The United States has invested in India’s development since President Harry Truman’s signed the India Emergency Food Assistance Act in 1951. USAID’s program has evolved progressively over the decades from emergency provision of food, to infrastructure development, capacity building of key Indian institutions, support for the opening of the Indian economy and more.
U.S. economic assistance has followed a similar trajectory. In 1960, food aid accounted for 92 percent of the annual assistance budget. In the late 1970s, projects included rural electrification, fertilizer promotion, malaria control, agricultural credit, integrated health and population programs, irrigation schemes and social forestry.
By the mid-1980's, the program shifted to focus on science and technology with an emphasis on policy and institutional reforms. Programs addressed agricultural research, alternative-energy technology development, biomedical research, water resources management and family planning. Technology transfer and institution capacity building were integral to these activities.
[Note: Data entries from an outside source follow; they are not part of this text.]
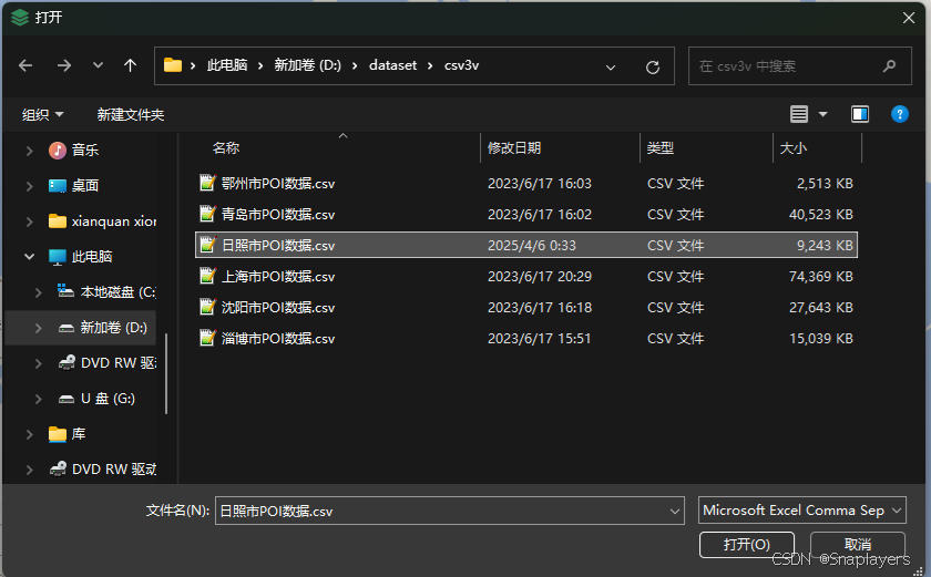 Snaplayers加载CSV数据格式 1、加载CSV数据格式操作 2、在打开对话框中选择CSV数据文件 3、选择经纬度字敦 4、加载CSV数据格式操作结果 可以看到,左边是图层的属性数据表格,中间就是点图层,表示加载成功。 Snaplayers研发团队承诺:国产轻量级桌面GIS软件Snaplayers永久免费并持续更新
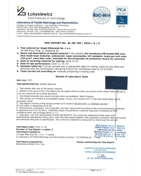 Plachta na obytný přívěs, d. 600-630 cm + taška
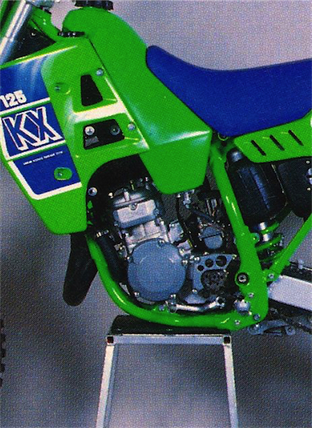 With the 1988 KX125 being all-new, Kawasaki looked more toward refinement, than redesign for 1989. A new larger fork graced the front end and a steering angle change pulled things in a half a degree from 27 to 26.5 degrees. In the motor, the engineers modified the KIPS (Kawasaki Integrated Power-valve System), enlarged the ports and lowered the compression in an attempt to extract more ponies. While the ‘88’s bulky and unattractive plastic remained, a new seat improved comfort and a switch to dual pistons for the front brake promised improved pucker power.
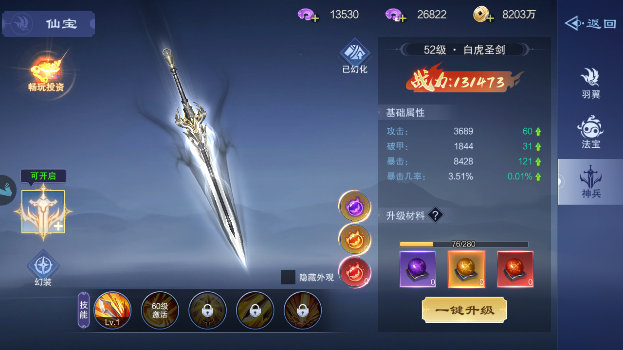 一、神兵升级
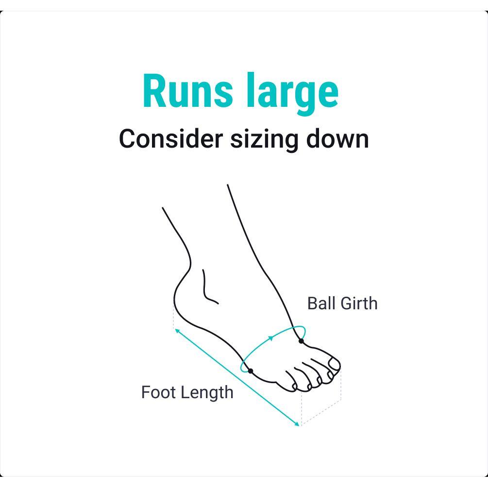 Выберите ближайший больший размер, если длина вашей стопы находится между двумя размерами.
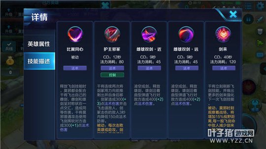 三技能-雌雄双剑·远:该技能和二技能属性相同,能对敌人造成法术伤害,但攻击范围比二技能远。
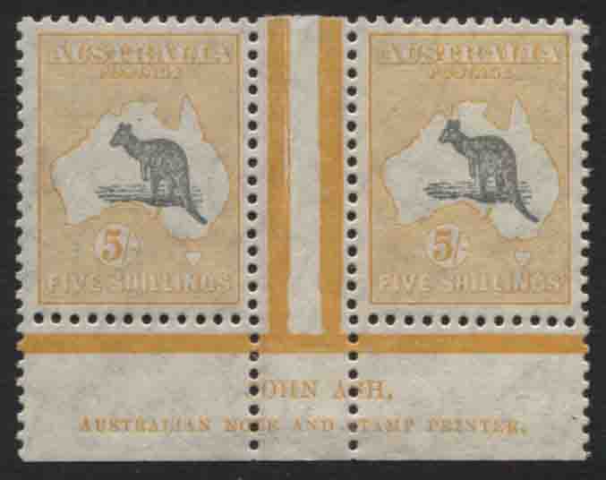 5/- grey and yellow ASH imprint pair. Right stamp with OPEN MOUTH ROO variety. Both stamps are mint unhinged, (light hinge in base of selvedge).
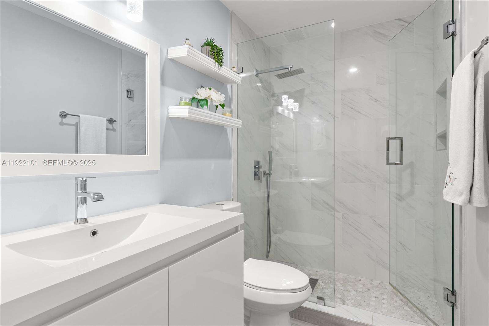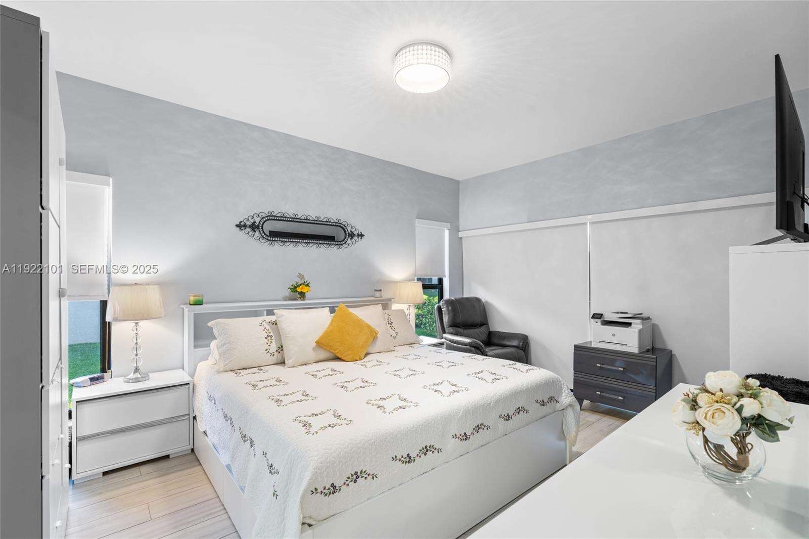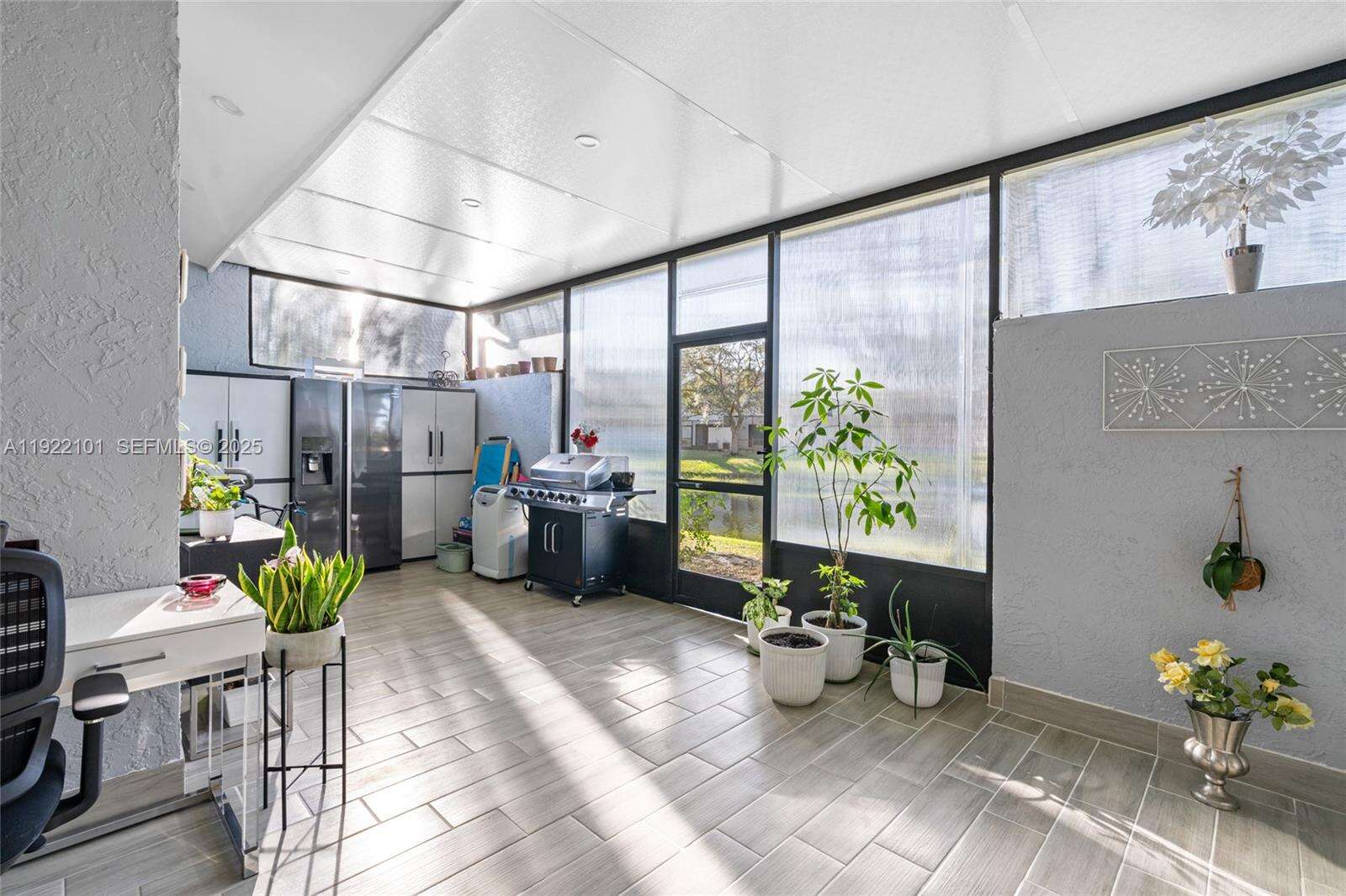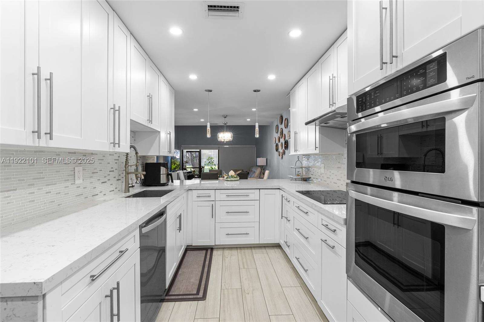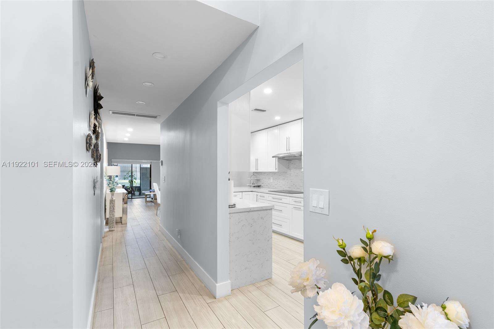 Beautiful 3-bedroom, 2-bath corner unit that feels just like a single-family home, fully renovated with high-quality finishes and modern upgrades throughout. ACTUAL SQUARE FEET ESTIMATE OF 1600. The entire property has been updated as if it were brand new, offering comfort, style, and peace of mind for the new owners. Major Renovations & Upgrades include Complete flooring replacement with modern porcelain tile. New air conditioning unit and full installation 2023, New electrical panel and full electrical installation 2022, All plumbing and water pipes replaced 2022. Kitchen fully renovated with new cabinets, finishes, and appliances, Two (2) bathrooms fully remodeled with contemporary design with Frameless glass shower enclosures in both bathrooms. Three (3) new hurricane-impact windows and two (2) impact doors installed in 2024. Additional Highlights include Enclosed patio with A/C and beautiful acrylic panels, perfect as an additional room, family space, or relaxation area, blackout shades throughout, 2 assigned parking spaces included right in front of unit, Corner unit offering extra privacy and abundant natural light, spacious layout, open feel, and comfortable design. Turn-key and ready to move in with nothing to update. Square footage is an estimate provided and should be independently verified by the buyer.

From 1992 to 2002, approximately 65 percent of the annual U.S. foreign assistance funding for India was dedicated to food aid. The sixty-year-old India food aid program ended in 2011, and the 2012 budget request has no food aid.
USAID has played an important role in India, including:
- Establishing eight agricultural universities with world-class agricultural research capacity;
- Establishing the first Indian Institute of Technology and 14 regional engineering colleges;
- Supporting capital market development to improve administration and price transparency on the stock exchanges;
- Launching the first municipal bond in the region for water supply and sanitation infrastructure development;
- Launching the "green building" movement in India -- catalyzing over 1.2 billion square feet of LEED-registered green building space in the country; and
- Strengthening India’s national programs on immunization, family planning, maternal and child health, HIV/AIDS, tuberculosis and polio.